Oleh karena itu, berdasarkan uraian diatas peneliti berasumsi bahwa ketika individu menyadari keberadaan dirinya dan kelompoknya, maka individu tersebut akan memiliki kecenderungan untuk melakukan sesuai dengan apa yang diharapkan oleh kelompoknya. Hal ini juga dapat mendorong individu untuk memberikan pandangan ‘positif’ atau ‘negatif’ kepada kelompoknya maupun kelompok lain.


(35)

E. HIPOTESA PENELITIAN

Berdasarkan kajian pustaka, maka peneliti mengajukan hipotesis sebagai berikut “Ada hubungan antara social identity dengan perceived entitativity pada mahasiswa Fakultas Teknik Universitas Sumatera Utara pelaku tawuran.”


(36)

BAB III

METODE PENELITIAN

Metode penelitian merupakan unsur penting dalam sebuah penelitian ilmiah sehingga metode yang digunakan dalam penelitian dapat menentukan apakah hasil penelitian tersebut dapat dipertanggungjawabkan (Hadi, 2000).

A. Identifikasi Variabel Penelitian

Berikut adalah identifikasi variabel yang di gunakan dalam penelitian ini : 1. Variabel tergantung : Social Identity

2. Variabel bebas : Perceived Entitativity

B. Definisi Operasional Variabel Penelitian

Definisi operasional variabel penelitian yang digunakan dalam penelitian ini adalah sebagai berikut:

1. Perceived Entitativity

Perceived entitativity merupakan pandangan atau persepsi yang dimiliki oleh individu dalam kelompok mengenai kekompakan, kesatuan dan kekohesifan kelompoknya. Total skor yang diperoleh pada skala perceived entitativity ini menggambarkan tingkat perceived entitativity pada mahasiswa Fakultas Teknik pelaku tawuran. Semakin tinggi total skor skala perceived entitativity maka semakin baik (positif) penerimaannya terhadap kelompoknya, dan sebaliknya.


(37)

2. Social Identity

Social identity merupakan identitas yang dimiliki oleh seseorang dalam lingkungan sosialnya, yang akhirnya mengarahkan individu tersebut untuk bertindak ataupun berpendapat seperti yang diharapkan oleh kelompok sosialnya.

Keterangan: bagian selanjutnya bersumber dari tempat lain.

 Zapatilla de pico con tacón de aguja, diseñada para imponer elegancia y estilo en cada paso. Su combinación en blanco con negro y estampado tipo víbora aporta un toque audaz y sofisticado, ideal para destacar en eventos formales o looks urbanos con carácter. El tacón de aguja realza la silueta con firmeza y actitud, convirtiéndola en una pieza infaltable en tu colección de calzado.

Peran ayah ini di ukur dengan menggunakan skala social identity yang dibuat oleh peneliti. Total skor yang diperoleh skala social identity menggambarkan bagaimana pandangan mahasiswa Fakultas Teknik pelaku tawuran terhadap kelompoknya di Fakultas Teknik. Semakin tinggi total skor skala social identity maka semakin positif pandangan mahasiswa terhadap kelompoknya, dan sebaliknya.

C. Populasi, Sampel, dan Teknik Pengambilan Sampel 1. Populasi dan Sampel

Populasi adalah seluruh objek yang dimaksud untuk diteliti. Populasi dibatasi sebagai sejumlah subjek atau individu yang paling sedikit memiliki satu sifat yang sama (Hadi, 2000). Populasi yang digunakan dalam penelitian ini adalah mahasiswa Fakultas Teknik pelaku tawuran.

Penelitian ini menggunakan seluruh mahasiswa Fakultas Teknik yang terlibat dalam tawuran (pelaku) dengan mahasiswa Fakultas Pertanian pada tahun 2011, yang berjumlah 112 orang.


(38)

2. Metode Pengambilan Sampel

Metode pengambilan sampel (teknik sampling) dilakukan dengan teknik random sampling, yaitu pengambilan sampel secara random atau tanpa pandang bulu. Dalam teknik sampling ini, semua individu dalam populasi baik secara sendiri-sendiri atau bersama-sama diberikan kesempatan yang sama untuk dipilih menjadi anggota sampel (Hadi, 2000).

Sedangkan teknik random sampling yang digunakan adalah random sampling tak terbatas/random sampling tak bersarat (unrestricted random sampling/unconditional random sampling). Ini adalah random sampling yang dikenakan pada seluruh individu dalam populasi yang sudah didaftar terlebih dahulu. Semua subjek dalam populasi tanpa kecualinya dan tanpa bersarat diberikan kesempatan yang sama untuk dipilih sebagai anggota sampel. Karena itu random sampling tak terbatas merupakan random sampling terhadap populasi subjek atau populasi individu (Hadi, 2000).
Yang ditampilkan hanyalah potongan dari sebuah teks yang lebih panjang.